As the CLARITY Act moves closer to becoming law, crypto observers are focusing on the bill’s specific sections that could reshape XRP’s regulatory status and the role of Ripple and its stablecoin RLUSD. Pseudonymous analyst @Whiplash437 has highlighted the clauses he believes will matter most for XRP, and why.
Section 105 — defining digital assets and commodity status
Section 105 establishes definitions for digital assets and supports treating blockchain-native cryptocurrencies as commodities. If enacted as written, this would shift many tokens out from under the SEC’s securities framework and place them under the Commodity Futures Trading Commission (CFTC). The analyst argues this change could effectively codify Judge Analisa Torres’ earlier finding that XRP’s secondary-market sales are not securities, creating a durable federal legal shield for XRP.

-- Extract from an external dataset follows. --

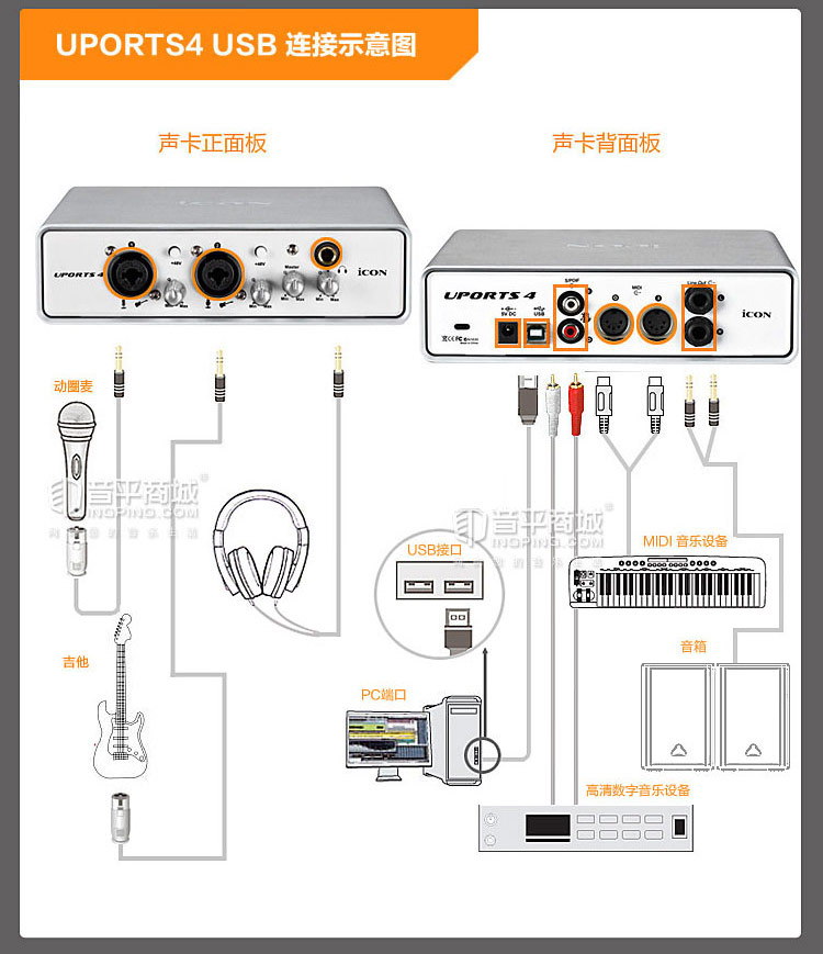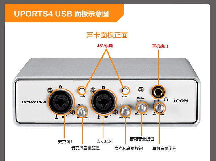 ICON Uports 4套装外置声卡套装yy主播电容麦克风电脑k歌录音声卡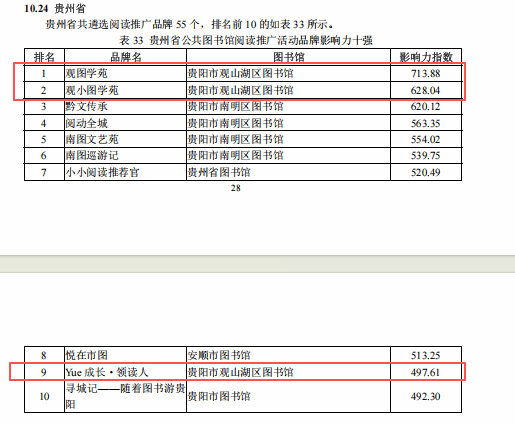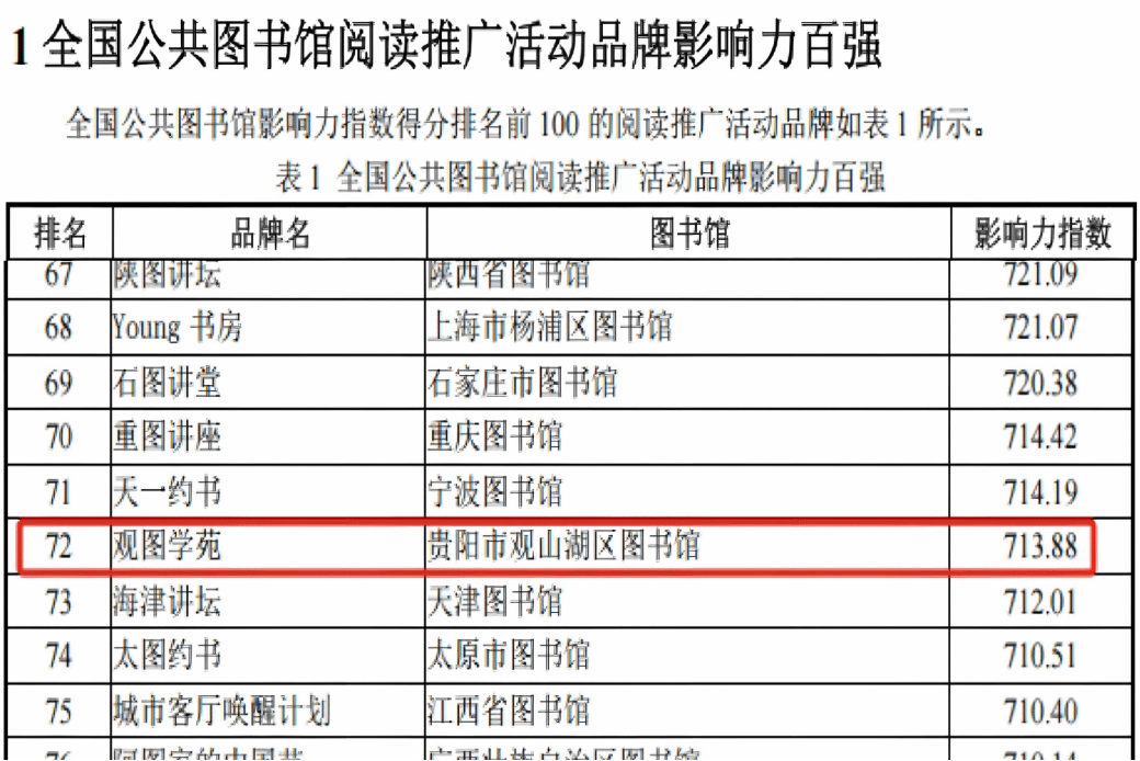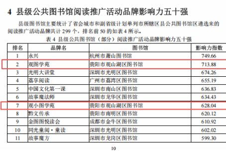 “贵州省公共图书馆阅读推广活动品牌影响力十强”,“观图学苑”排名第1、“观小图学苑”排名第2、“Yue 成长·领读人”排名第9

Section 110 — AML, BSA compliance, and ‘mature blockchains’
Section 110 requires digital commodity exchanges, dealers, and brokers to register for anti-money-laundering (AML) purposes and comply with the Bank Secrecy Act (BSA). It also introduces the concept of “mature blockchains,” a classification that would be overseen by the CFTC. @Whiplash437 calls this a practical test: he contends the XRP Ledger (XRPL) already meets the mature blockchain criteria, citing its long uptime record, transaction history, and globally distributed validators.
If the XRPL is formally recognized as a mature blockchain, XRP would be explicitly qualified as a digital commodity under CFTC oversight. That would clarify market participant obligations and reduce uncertainty about XRP’s regulatory treatment.
Section 401 — banks, custody, and payments infrastructure
Section 401 addresses how financial institutions may interact with digital assets. Under this provision, U.S. banks, credit unions, and financial holding companies could use digital assets for payments, custody, clearing, and settlement. The analyst views this as a potential gateway for mainstream banking adoption of Ripple’s payments infrastructure and the XRPL, since the bill would open the entire U.S. banking sector to compliant use of such technology.
Such permission for banks to hold and use digital assets at scale could accelerate integration of on‑ledger payments, tokenized settlement, and other use cases that Ripple’s network and RLUSD aim to support.
Section 404 — limits on passive stablecoin yield, allowance for activity rewards
Section 404 bans paying yield simply for holding stablecoins, a restriction aimed at preventing passive interest-like returns on custody. However, the bill still allows activity-based rewards tied to staking, governance participation, or loyalty programs. The analyst emphasizes that while RLUSD might not be eligible for passive holding yields under this rule, it could still be distributed with activity-linked incentives, shaping how stablecoin products are marketed and structured across U.S. markets.
Overall implications
Taken together, these sections could reduce regulatory uncertainty for XRP by moving commodity classification into statute, require compliance standards for exchanges and intermediaries, and make it easier for regulated banks to use digital-asset rails. For Ripple and RLUSD, the CLARITY Act could broaden institutional access while constraining passive yield mechanics, nudging stablecoin use toward transactional and utility-focused models.
As with any pending law, outcomes depend on final text, implementation rules, and regulatory interpretation. But the provisions highlighted by @Whiplash437 offer a clear framework for how the CLARITY Act might change XRP’s legal standing and the commercial opportunities for Ripple and RLUSD in the U.S.